Israeli Strikes Hit Tyre, Nabatieh as IDF Declares Expanded Southern Lebanon Combat Zone

An Israeli airstrike triggered a large explosion in the southern Lebanese city of Tyre on Thursday, 28 May 2026, as Israel's military declared an expanded swathe of southern Lebanon a combat zone and warned residents to evacuate, according to reports from multiple channels tracking the conflict.
The strike on Tyre, a major coastal city, came as Israeli forces also carried out attacks on Nabatieh and, for the first time in weeks, the southern suburbs of Beirut, the Lebanese capital. At least two people were killed and one was wounded in the strikes on Nabatieh and Tyre, Middle East Eye reported on Thursday. The attacks unfolded as Muslims across the region marked Eid al-Fitr, the holiday marking the end of Ramadan.
The expansion of the declared combat zone marks a notable escalation in Israel's campaign against Hezbollah infrastructure following the collapse of the November 2024 ceasefire. The IDF has repeatedly designated areas of southern Lebanon off-limits to civilians, but the latest orders cover a broader territory than previous announcements, suggesting an acceleration of operations that have progressively pushed deeper into Lebanese population centres.
The strikes and the combat zone declaration
Israeli military statements confirmed that forces targeted Hezbollah infrastructure across multiple locations in southern Lebanon on Thursday. The IDF warned residents in the newly designated combat zone to evacuate, framing the orders as a measure to prevent civilian harm amid what it described as ongoing militant activity in the area.
The strike near Beirut — hitting a building in the capital's southern suburbs — was the first Israeli attack in that immediate vicinity in several weeks, breaking a period of relative quiet around the capital. Reuters reported that the explosion in Tyre was large, consistent with the pattern of precision-guided munitions the IDF has used against infrastructure targets throughout the campaign.

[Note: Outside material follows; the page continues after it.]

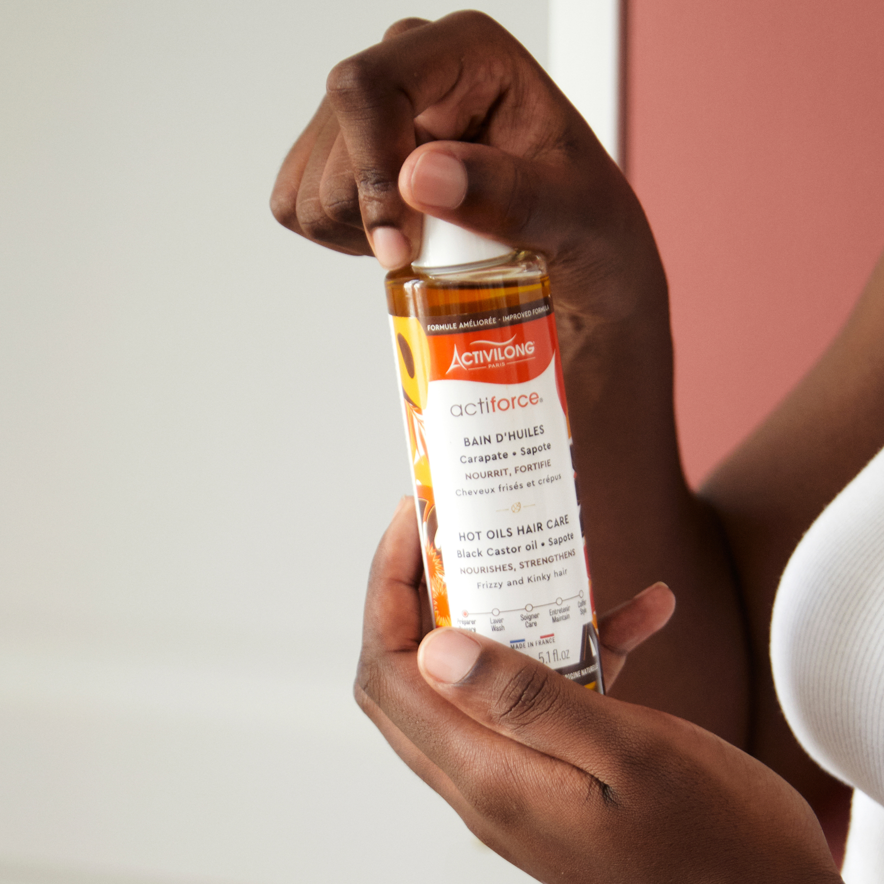 Grâce à sa combinaison d'huiles végétales pures, le Bain d'Huile Actiforce est idéal pour nourrir et restaurer les cheveux secs, ternes et abîmés.

Hezbollah has carried out near-daily strikes on northern Israel since October 2023, but the group's public statements on Thursday's strikes were not immediately available. The Iranian-backed faction has previously warned that any expansion of Israeli operations in Lebanon would prompt a proportional response.
The Eid timing
The coincidence of the strikes with Eid al-Fitr gives the attacks a distinct political and symbolic dimension. Holidays in conflict zones often serve as moments when the international media's attention sharpens, and when governments calibrating their responses face amplified pressure to comment. For Israeli strategists, striking during a ceasefire window that other parties failed to honour may be framed domestically as justified retaliation. For critics, the timing of strikes on densely populated urban areas during a holiday underscores the human cost of a conflict that has produced hundreds of civilian casualties on the Lebanese side.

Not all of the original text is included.